Руки Анисима тряслись, голова дергалась: он мог бы и сам уйти в Беловодье, но жизнь на то положил, чтобы другим облегчить путь… Греховная обида разрывала сердце старца. Он раскрывал сундуки, доставал карты, документы, деньги давно ушедших людей бросал их к ногам Терентия: смотри! Все в целости, копейки чужой не присвоил!
А тот дурным голосом орал:
— Кресты по всему пути. Никто живым не дошел. Душегубец!
К вечеру Анисим занемог, охая, помылся, переоделся в смертное и лег, решив запоститься, не принимая воды и еды. Прохор с Ульяной пробовали отговорить его, но скитнику помогала судьба: среди ночи он стал совсем плох, поднял качавшуюся голову, призвал живых. Глянул на него Прохор, понял, что старик умирает, побежал за Терентием, храпевшим в бане. Тот отнекиваться не стал, остыл уже, пришел к старцу. Анисим поманил его слабой рукой, прошептал на ухо:
— Открылось мне, брод через море должен быть! — И умер.
Терентий отпел его со знанием дела, Прошка выкопал могилу возле зимовья. Едва похоронили старика и поставили крест, к зимовью подъехал казачий разъезд. Беспаспортных, Прохора и Ульяну, забрали в острог, Терентий пошел следом, не зная, куда идти дальше.

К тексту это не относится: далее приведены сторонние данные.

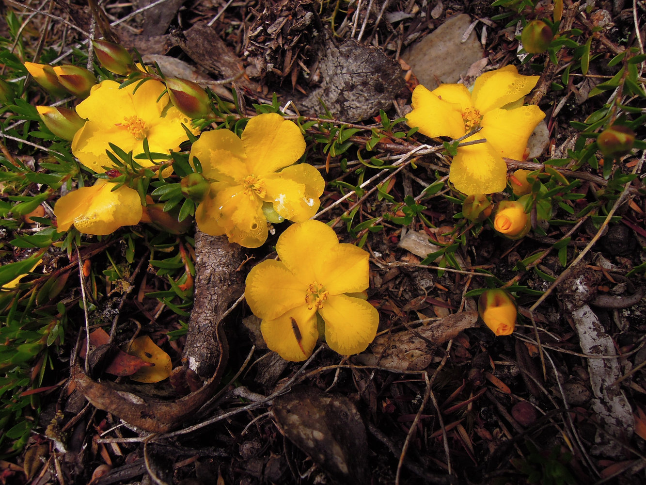 Hibbertia procumbens on a earth bank with huge flowers and tiny leaves, Cradle Mountain, Tasmania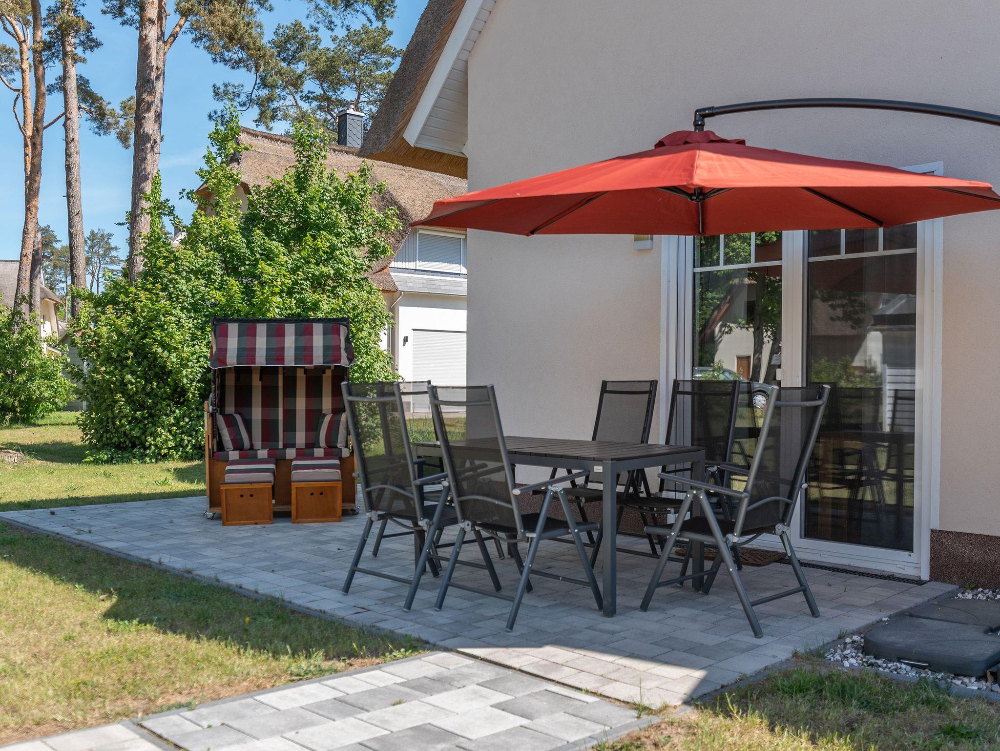 Zur Außenausstattung zählen eine zweiseitige Terrasse mit Strandkorb, Sonnenliegen, einem Kugelgrill und einem Gartentisch, der Entspannung unter den Kiefernkronen verspricht.

Еще один старовер в рубахе до колен и стоптанных ичигах, бежал из Забайкалья на запад, был взят без паспорта на Колыванской линии. Он в разговоры ни с кем не вступал, только прислушивался, за полночь становился на молитвы начальные и с короткими передышками читал на память всю пятисотницу, отбивая земные и поясные поклоны. Терентий то и дело пытался с ним тягаться, но долгого бдения не выдерживал, падал на нары. Сысой, совестясь, тоже становился на молитву. Прохор, хоть и жил со скитниками, зевнет, перекрестится, глядя в сторону, то двуперстием, то щепотью, и ладно. Так прошло несколько дней.
И вдруг, упорно молчавший седобородый, заговорил, будто сухой горох из куля посыпался. Был он какого-то особо строгого толка, за что Терентий дразнил его непристойно. Выяснилось, что забайкалец тоже пробирался в Беловодье, но на запад. Он первым и начал насмехаться над всеми ищущими на Востоке. Его насмешки задели за живое Терентия и тот, со сдержанной злостью, стал рассказывать про жизнь русских общин в Польше. От отцов и дедов слышал о праве первой ночи для шляхты, об аренде поместий жидами, о рабстве беспросветном во всех западных странах. Этими рассказами сам на себя нагнал такую тоску, что злость прошла.
— Коли хочешь жить по старине, без ереси и бахвальства, нет тебе места на земле — сказал, пригорюнившись. — Разве Ирия Беловодная примет, а она — за океаном. Здесь от моря до моря все пройдено. На Руси и в Сибири плохо, в других странах того хуже.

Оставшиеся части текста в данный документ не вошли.